Stafford made siRNA to turn down the expression of epoxide reductase. When he added the siRNA to the genes, he saw that one had a significant decrease in reductase activity.
“So then we put that gene into cells and it had a gigantic increase in epoxide reductase activity,” he says.
This was the first time anyone had used siRNA as a screening technique to isolate a gene. Stafford’s discovery made the cover of Nature, which published his paper alongside an article by Johannes Oldenburg, a German scientist who had used an older, more laborious method to isolate the same gene.
After this, Stafford wanted to isolate the enzyme that completes the vitamin K metabolism cycle. But his wife, a physician, pushed him to figure out why certain people are extremely sensitive to even low doses of warfarin.
“She just said, ‘Look, this is a big deal. Millions of people are on warfarin. You’ve got to go ahead and figure this out.’”
Thanks to Stafford’s long-standing friendships with several blood researchers at Carolina, including Harold Roberts and Roger Lundblad, he knew that UNC had a lot of patients’ records that he could check for warfarin resistance.
“Some of these patients required thirty-five milligrams of warfarin and some needed two milligrams,” he says. “We took the data and looked for genetic polymorphisms in these patients — places on the gene where there were differences.”

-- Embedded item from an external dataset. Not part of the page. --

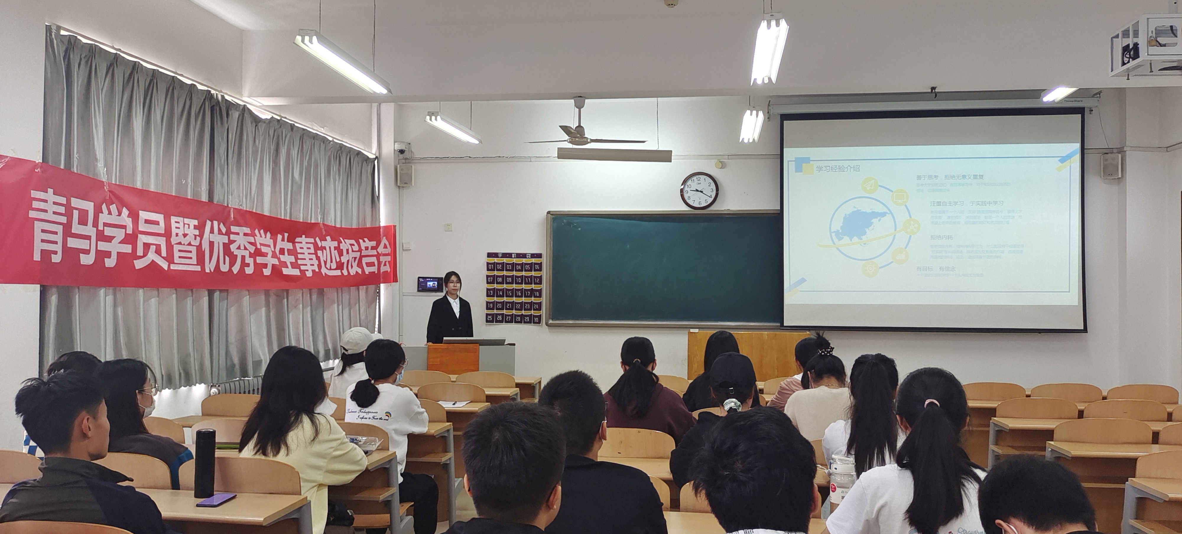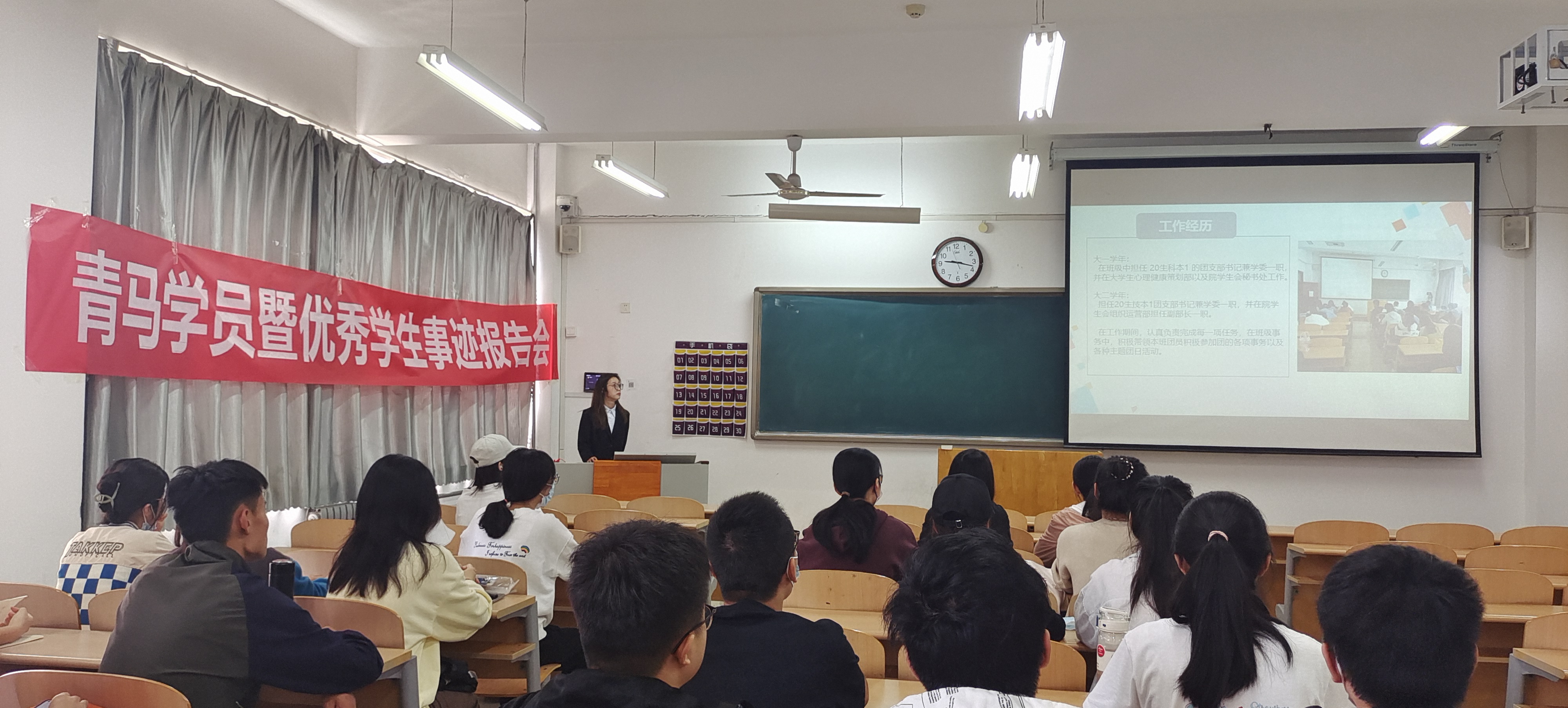 此次青马学员暨优秀学生事迹报告会,是我院“榜样力量报告会”的组成部分,目的在于充分发挥了优秀青年学生的示范和榜样作用,为我院同学找准自身定位、做好学业规划及今后学业的发展起到了借鉴意义,促进了学风建设和学生成长成才。
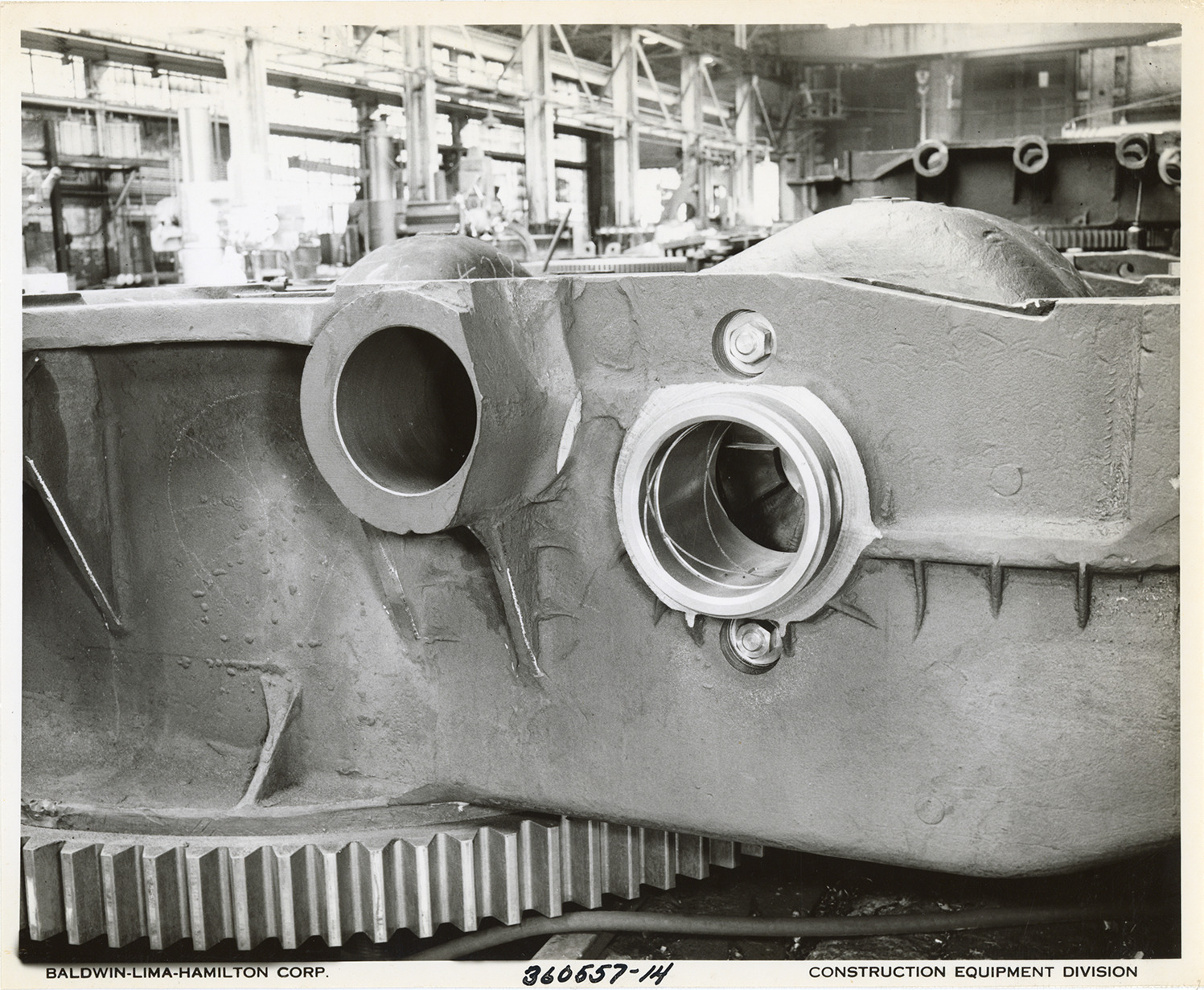 View of truck after machining for a Type 1601 crane shovel manufactured by the Baldwin-Lima-Hamilton Corporation. Printed on front: "Baldwin-Lima-Hamilton Corp. 360557-14. Construction Equipment Division." Handwritten on back: "Type 1601. Truck after machining."

He found that patients were less or more sensitive to warfarin depending on their sequence of genetic mutations. Researchers can use a polymerase chain reaction, a common genetic-testing method, to determine if a patient has one kind of nucleotide sequence or a different kind at a particular site in the genome. This, essentially, is how Stafford’s patent-pending diagnostic test works. It has been licensed to four different companies who are developing tests for clinical use.
Stafford is now setting his sights back on vitamin K enzymatic activity. He’s trying to figure out which enzyme is responsible for actually reducing the VKOR at the end of each cycle — a reduction that is crucial for proper blood coagulation.
“We’ve used a lot of techniques to try to figure this out,” he says. “But so far we still don’t know.”